Сердце ныло от его скорби и гнева, рвущих его на части.

— Мы её не оставляем, — уверил я, собирая всю решимость. — Мы найдём тех, кто поможет нам вернуть её. — Я встряхнул его, заставляя снова смотреть мне в глаза; взгляд всё срывался в темноту у меня за плечом. — А потом перебьём их всех.

— Тесса, — прошептал он, откашлявшись. — Она этого не переживёт.

— Она крепкая женщина. Ты знаешь. — Я сжал его плечи сильнее, вытаскивая из накрывающего его отчаяния. — Вернёмся к ним. Добудем помощь и пойдём на охоту, когда она будет у нас.

Он вырвался и взревел в небеса:

— Я найду вас! — Голос стал хищным. — Я убью вас всех!

Его ярость прокатилась эхом по лесу. Но в ответ не пришло ничего. Только тишина и ветер.

Он опустился на колени, наконец сдаваясь страху и горю. Когда его плечи затряслись, я шагнул и поднял своего вождя на ноги.

— Не отчаивайся, — велел я голосом короля. — Это не конец. Надо к Тессе. Пора действовать.

Он провёл рукавом по глазам; лицо застыло жёсткими, мрачными складками:

— Ты прав. Нужен план.

Прочие воины молчали: знали, что тут не найти слов, чтобы унять боль Безалиэля.

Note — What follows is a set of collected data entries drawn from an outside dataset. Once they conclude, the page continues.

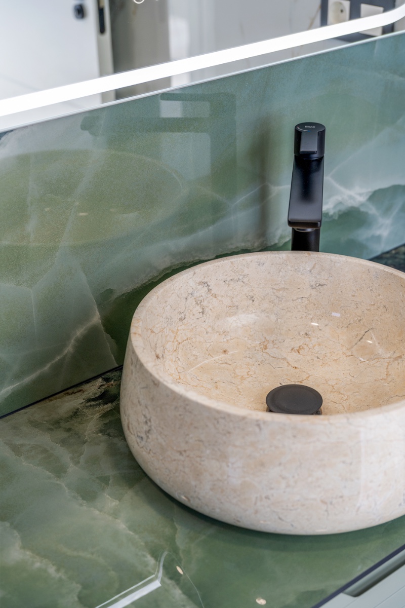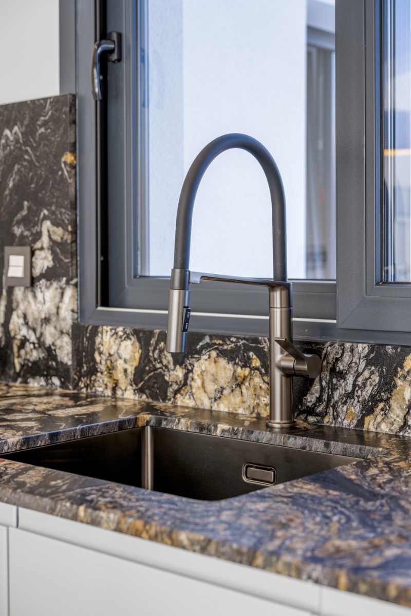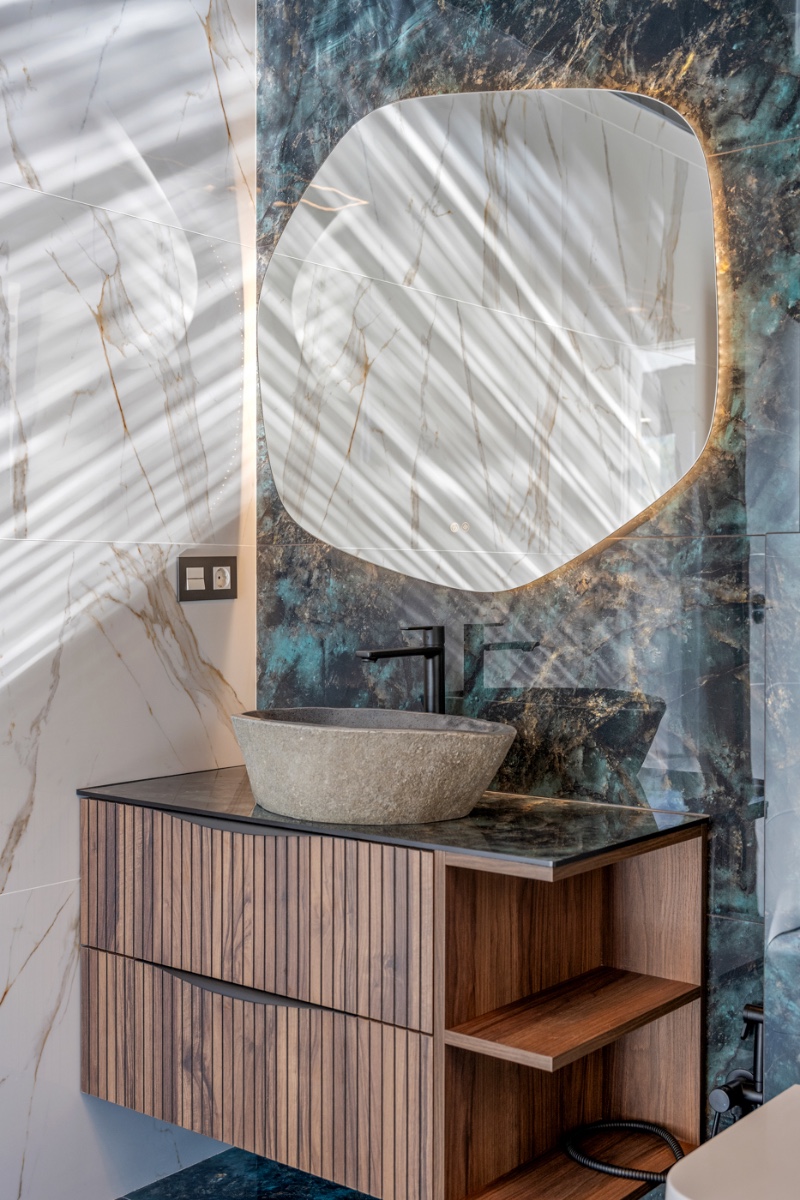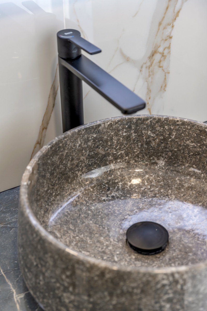 4 designer bathrooms, 3 of them en suite, equipped with high-end materials and an impeccable modern aesthetic.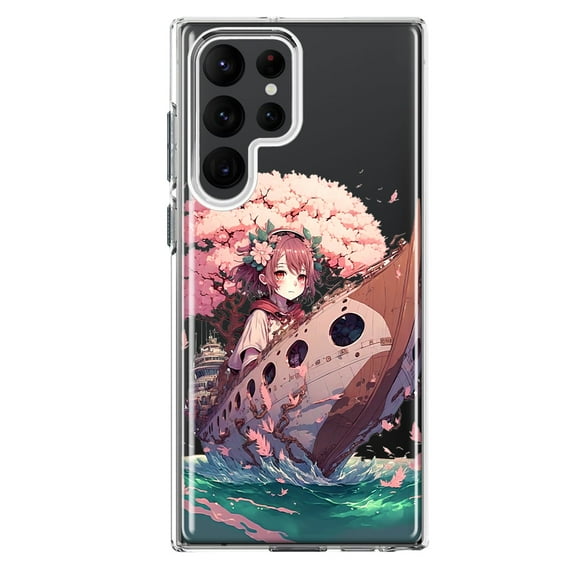 Hero image 0 of MUNDAZE Samsung Galaxy S23 Ultra Shockproof Clear Hybrid Protective Phone Case Kawaii Manga Pink Cherry Blossom Japanese Girl Boat Cover, 0 of 5
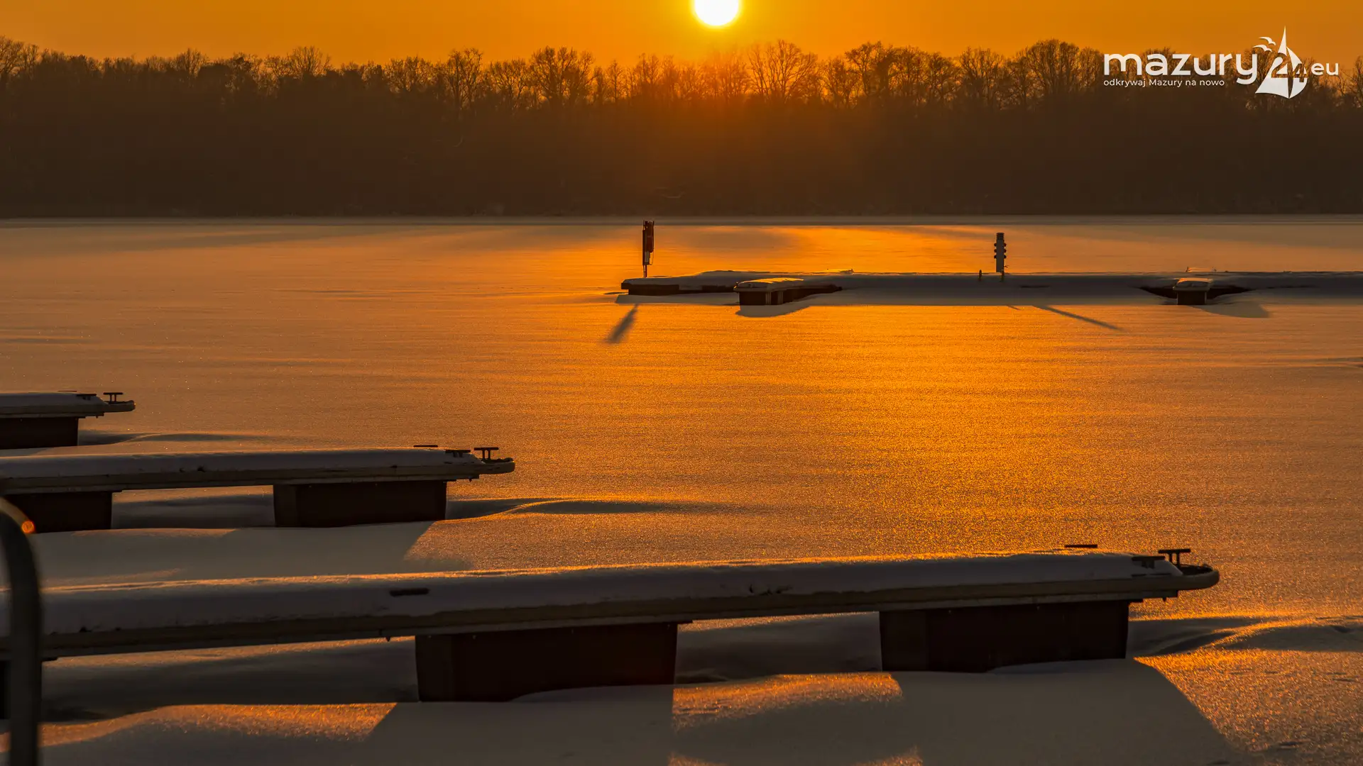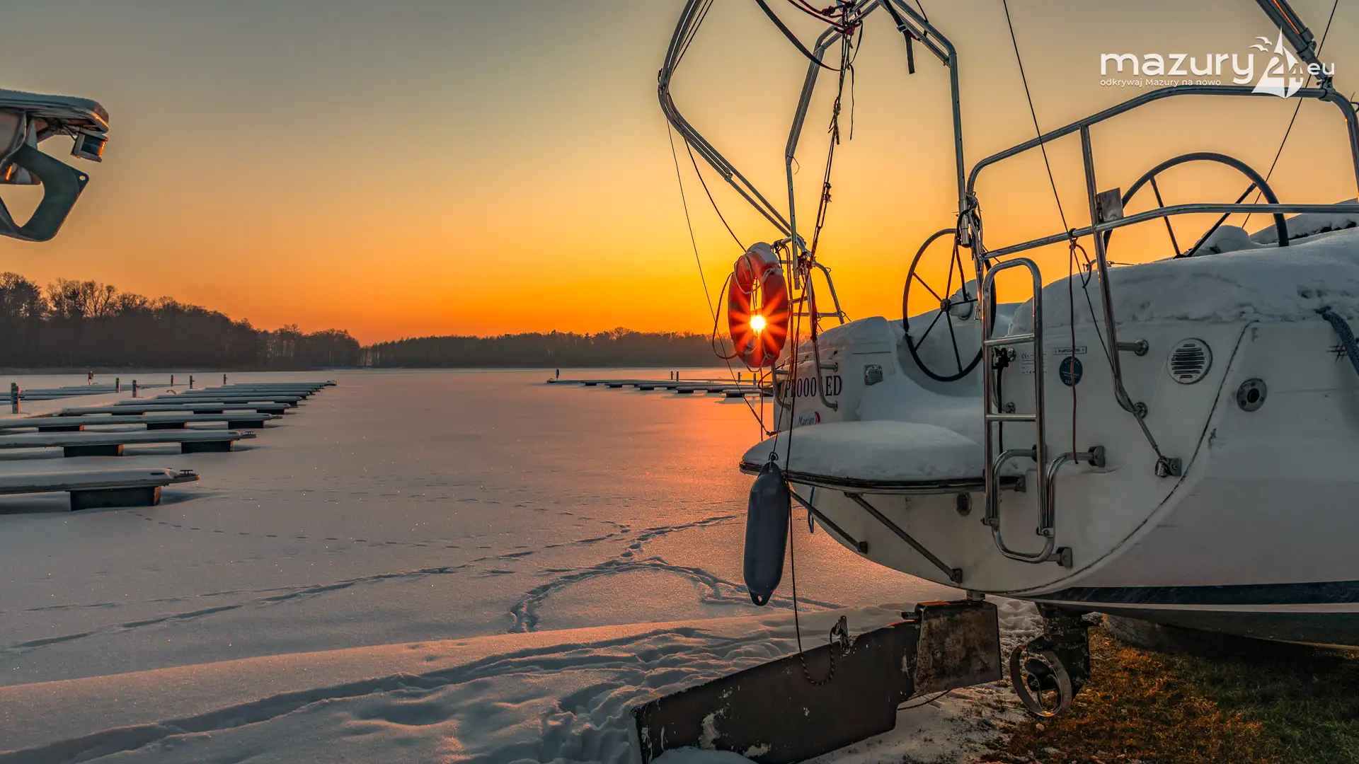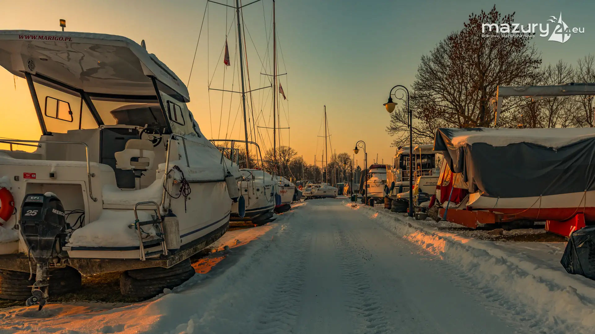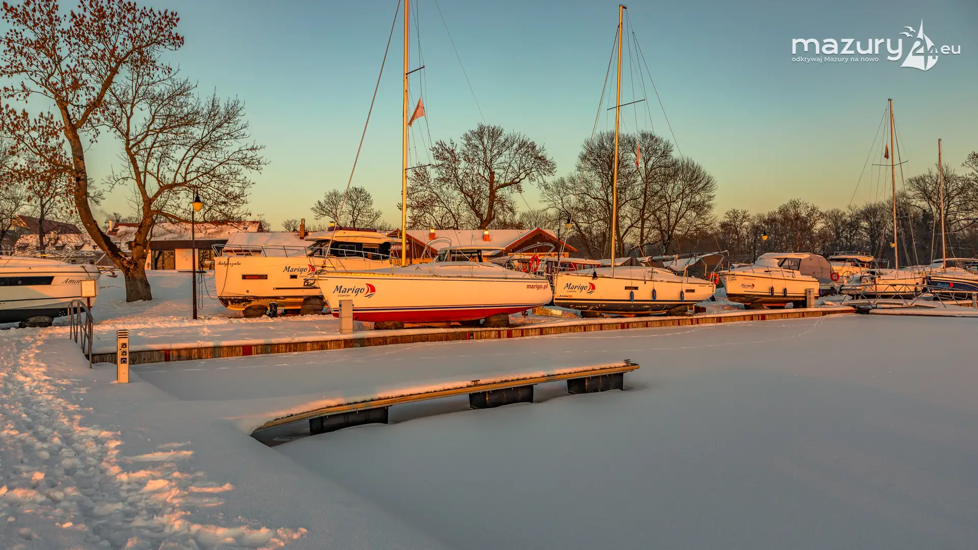 W największym porcie na Mazurach, na zachodach słońca jesteśmy minimum kilka razy w roku. Zimową wersję końca dnia mamy już za sobą. Port bez jachtów na wodzie wygląda troszkę smutno, z drugiej jednak strony, sezon w tym miejscu jest tak intensywny, że nie będziemy narzekać...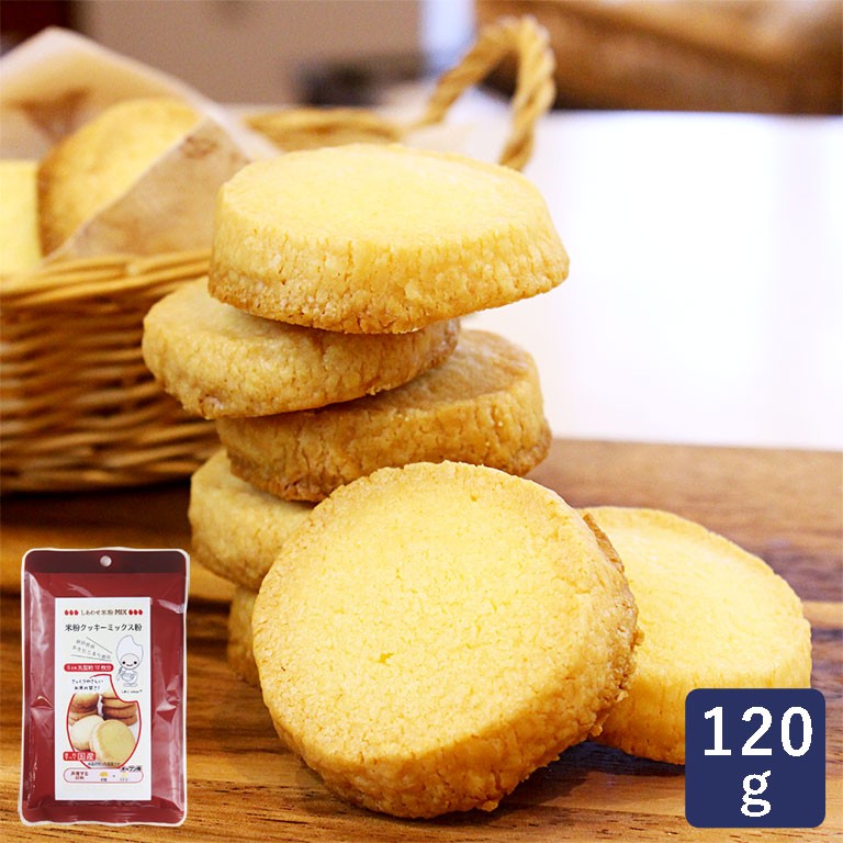 秋田県産あきたこまちの米粉と北海道産の砂糖を使用した、米粉のクッキーミックスです。ミックス粉のほかには、卵黄とマーガリンまたはバターなど、手に入りやすい材料をご用意いただくだけで、さっくりとした食感とやさしい甘さのクッキーを手軽にお作りいただけます。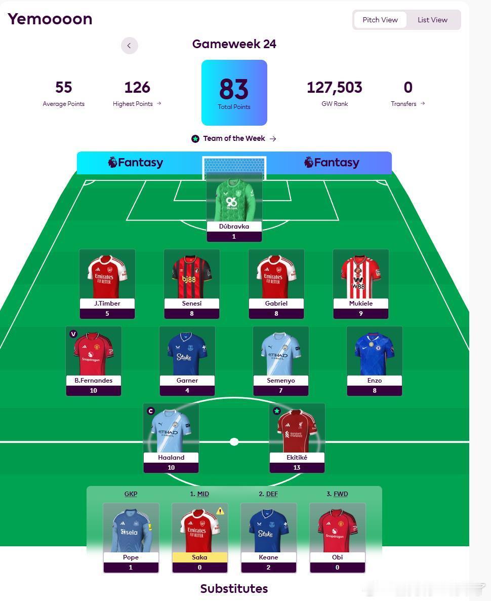他本轮持有埃基蒂克,B费,C了哈兰德,当然也有恩佐,赛梅约这样的砍分人物
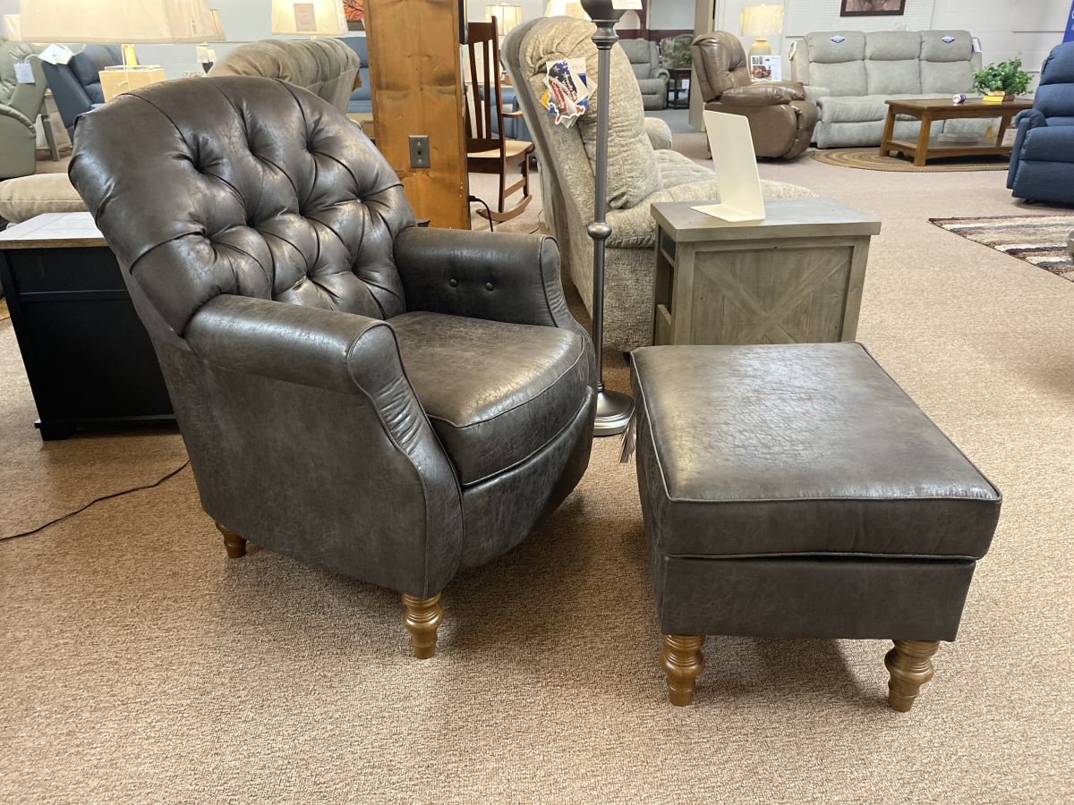 Item Description The invitation is always open to sit down with a good book or cozy up by a nice fire in this traditional chair. The precision details shine in the heavily button tufted back and arms, and extend to the floor with the charming turned wooden legs. Choose from hundreds of stylish fabrics. The matching ottoman invites you to kick up your feet and read another chapter.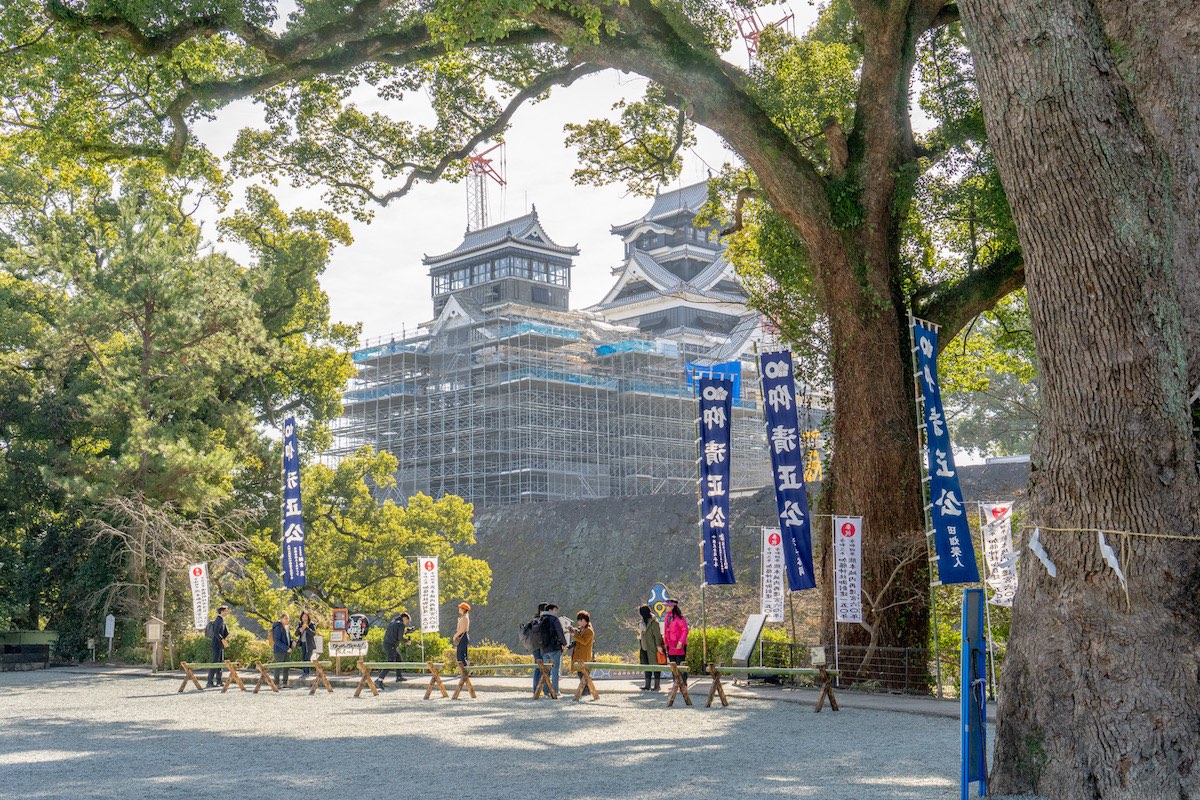 Kumamoto Castle ปราสาทคุมาโมโตะที่มีความยิ่งใหญ่เป็นอันดับต้นๆของญี่ปุ่น โดยตัวปราสาทจะออกโทนสีขรึมเน้นโทนขาวเทาดำ มีการตกแต่งอย่างปราณีตรอบปราสาท บวกกับการมีสวนรอบๆที่ช่วงฤดูใบไม้ผลินี่ถือว่าเป็นอีกหนึ่งจุดยอดนิยมในการชมซากุระของเมืองเลยก็ว่าได้ อย่างไรก็ตามเป็นที่น่าเสียดายจากเหตุการแผ่นดินไหวในปี 2016 ส่งผลให้ตัวปราสาทได้รับความเสียหายหลายส่วน โดยปัจจุบันทางการได้ดำเนินการซ่อมแซมอยู่อย่างต่อเนื่อง และได้ข่าวว่าเส้นทางทัวร์ใกล้เสร็จแล้วซึ่งจะทำให้เพื่อนๆสามารถแวะเข้ามาเยี่ยมชมความยิ่งใหญ่ของปราสาทแห่งนี้ได้ใกล้มากขึ้น

Они просто сомкнулись ближе — молчаливым щитом.

Наконец мы помчались обратно — с пустыми руками.

***

Как мы всегда делали при опасности — как в тот год, когда буран прорвал перевал у Сестёр и вывалил в Гаста Вейл шесть футов снега, — весь клан собрался в общинной пещере. Я сразу отыскал Джессамин: она стояла на коленях возле Дейна и прикладывала к лбу влажную тряпицу.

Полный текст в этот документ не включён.